1.3.4. Kubectl configuration behind a bastion
-
Get Master and Bastion IPs from
./inventory/my-cluster/hosts.ini
or./ssh-bastion.conf
-
Forward cluster API port to your local machine
ssh -L 6443:<MASTER-IP>:6443 ubuntu@<BASTION-IP> -N -i ~/.ssh/traffic_staging_k8s_fr.pem
-
Use admin.conf generated by Ansible playbook as a kube config file, replacing master ip by
localhost
. Suggested approach : copy it and link it to default kube config path. Then it won’t be replaced by a playbook run.

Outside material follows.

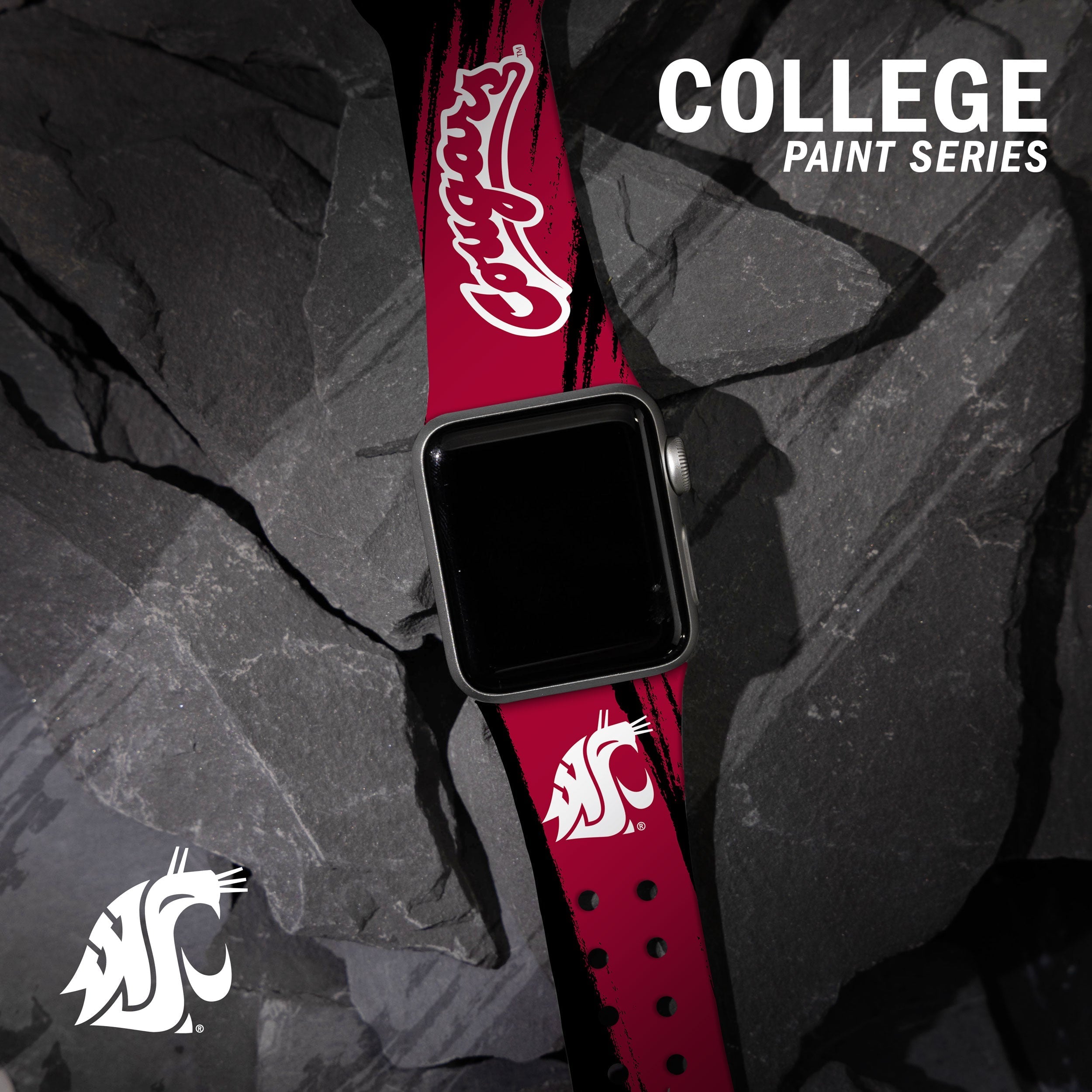 Washington State Cougars HD Apple Watch Band ‐ Paint / 42/44/45/49mm(46mm Series 10) / Short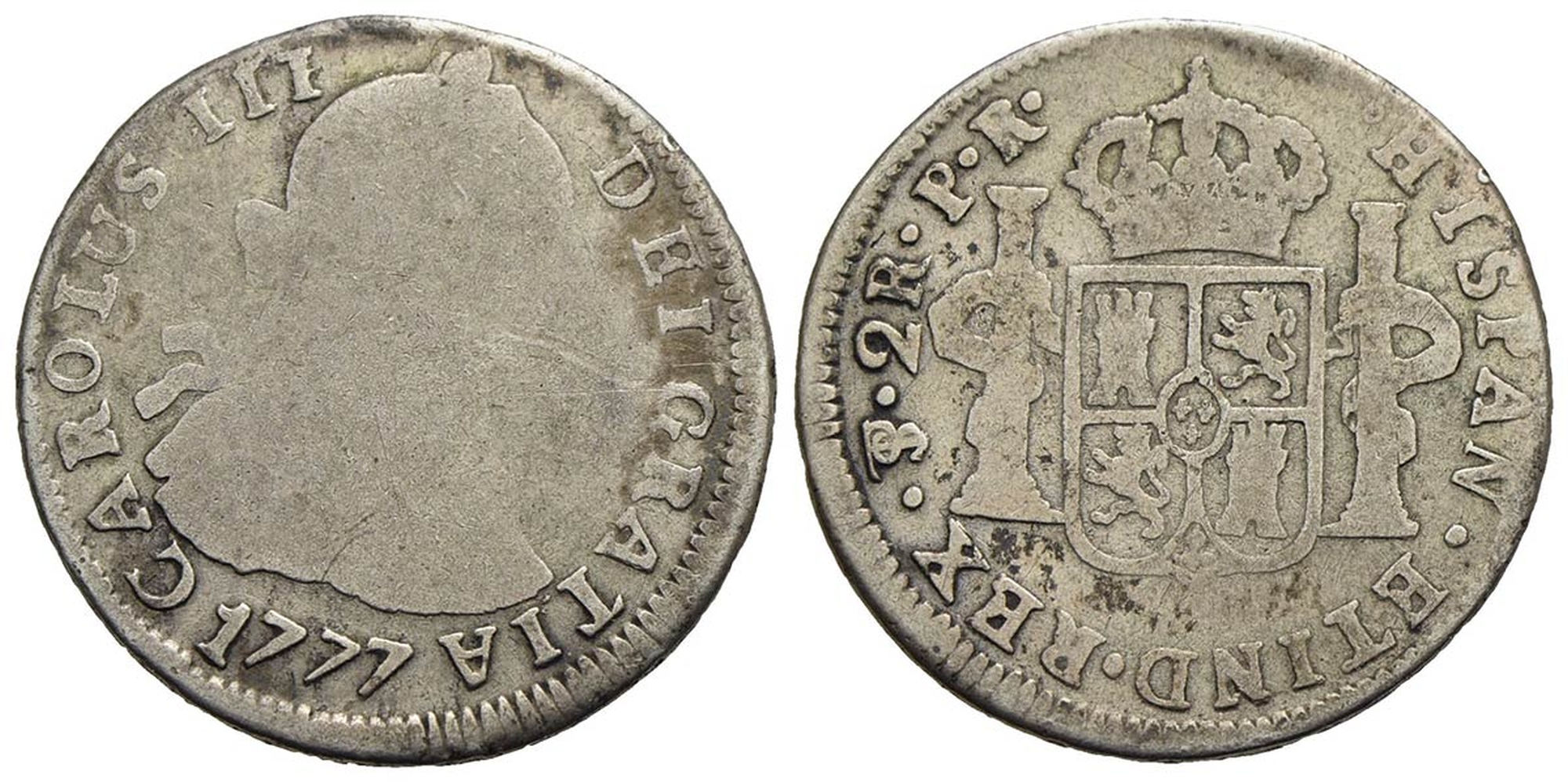 BOLIVIA. Carlo III di Borbone (1759-1788). 2 Reales 1777 PR - Ag. R. Kr. 53. qMB

cp ./inventory/my-cluster/artifacts/admin.conf ./inventory/my-cluster/artifacts/kubeconfig
mv ~/.kube/config ~/.kube/config.old
sudo ln -s ./inventory/my-cluster/artifacts/kubeconfig ~/.kube/config
a non updated kubeconfig could lead to the following error on kubectl usage : Unable to connect to the server: x509: certificate signed by unknown authority (possibly because of "crypto/rsa: verification error" while trying to verify candidate authority certificate "kubernetes")`
|
1.3.5. Prepare bastion for CI usage
You can use the bastion as a server for the CI to interract with the cluster.
-
connect to bastion
ssh-add ~/.ssh/cluster-ssh-key.pem
ssh BASTION_USER@BASTION_IP
-
install docker
sudo apt-get remove docker docker-engine docker.io containerd runc
sudo apt-get update
sudo apt-get install -y apt-transport-https ca-certificates curl gnupg2 software-properties-common
curl -fsSL https://download.docker.com/linux/debian/gpg | sudo apt-key add -
sudo add-apt-repository "deb [arch=amd64] https://download.docker.com/linux/debian $(lsb_release -cs) stable"
sudo apt-get update
sudo apt-get install -y docker-ce docker-ce-cli containerd.io
-
install kubectl
sudo apt-get update && sudo apt-get install -y apt-transport-https
curl -s https://packages.cloud.google.com/apt/doc/apt-key.gpg | sudo apt-key add -
echo "deb https://apt.kubernetes.io/ kubernetes-xenial main" | sudo tee -a /etc/apt/sources.list.d/kubernetes.list
sudo apt-get update
sudo apt-get install -y kubectl
-
create kubeconfig with content of admin.conf
mkdir .kube
vi .kube/config
-
add CI runner public ssh key to authorized_keys
vi ~/.ssh/authorized_keys
-
download/create the key file to be used to connect to a cluster node
vi ~/.ssh/cluster-key.pem
chmod 400 ~/.ssh/cluster-key.pem
-
test the ssh connection to the node (and then accept new host)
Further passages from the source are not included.